In 2008 my hometown of Ahmedabad, in the western state of Gujarat, India, underwent a massive exercise in urban design. The city was to get a new skyline on its long shore of the river Sabarmati — that in its serpentine fashion, bifurcates the city into two. Modelled around the modernist riverfront projects (the likes of which we have experienced in other Asian cities signalling wealth, ambition, and the rise of global infrastructure), the Sabarmati Riverfront Development Project was the biggest urban design exercise that the city had undertaken in decades.
The proposition was to give the city a facelift by building a permanent promenade, taming the river by lifting the shores, creating spaces for private companies to grow their footprint, and making common access areas — parks, restaurants, recreation spaces — for the residents of Ahmedabad. The expensive public development project would put the city on the landscape of foreign investors and technology companies that the government was wooing to come Make in India and contribute to the India Shining campaign.
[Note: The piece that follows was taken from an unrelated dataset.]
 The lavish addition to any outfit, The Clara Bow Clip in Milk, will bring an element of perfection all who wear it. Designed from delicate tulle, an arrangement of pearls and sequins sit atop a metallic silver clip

It would bring international focus and a renewed lens of looking at the city and the river which runs through it.
Overlooking communities in the design phase
The voices of the poor, the vulnerable, the weak, and the disposable, were not considered important enough
In the many feasibility reports, environmental scans, consultations with architects, urban designers and policymakers, it seemed like a win-win situation for all. When the project was set in motion, it came as a surprise to many — those who were involved in making it as well as those who were excited at getting this new glorious riverfront — that there was resistance to the project. It would seem that ‘all’ were not happy with it.
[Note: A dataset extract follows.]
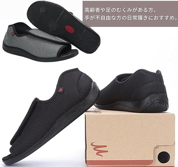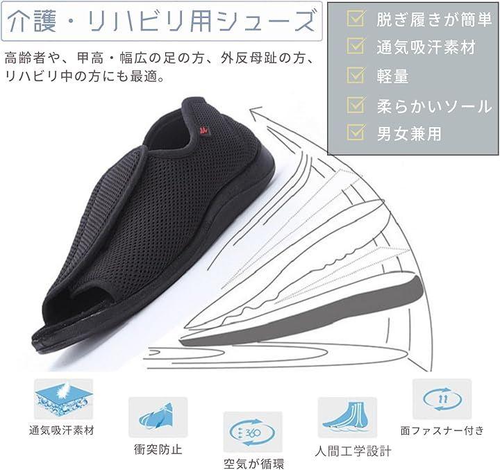 介護シューズ 介護スニーカー シニア フルオープンタイプ サンダル 高齢者用 介護靴 甲高 幅広 リハビリ 軽量 C1

What had been completely overlooked — deliberately rather than accidentally — was that this river shore was an entire universe of life and livelihood. On both sides of the river, informal settlements, slums, and legal settler colonies that rehabilitated refugees and migrant workers had grown to keep up with the city for over five decades. At an estimate, more than 50% of the city’s informal labour market lived in these neighbourhoods. A large part of the invisible domestic, construction, manual, and informal labour that is the hidden lifeline of post-industrial cities, was supplied by the lowincome groups and communities that had called the river its home. Around their homes, other economies that followed the ebbs and flows of the river had sprung: second-hand markets, small-scale farming, raising and rearing of small domestic animals, repair shops, and small-scale entrepreneurial enterprises that thrived in the region.
It turned out when specific civil society organisations started inquiring into this, that none of the representatives of these communities were consulted during the design phases of the city. The project was very deliberate in who the ‘all’ were that was going to be designed for in the making of the riverfront. The resistance that was mounted by the small group of civil socie ty actors, however, was easily quelled. The voices of the poor, the vulnerable, the weak, and the disposable, were not considered important enough, before or after the project was set into motion. The resistance was completely overridden by offering meagre and unsustainable compensation packages and rehabilitation options that did not pay any heed to local habits, customs, aspirations, or ambitions of the people who were being forcibly dislocated from the land that they called home. In state-leaning media and in public propaganda, the fact that 150,000 people were being rendered homeless was considered a small price to pay for progress.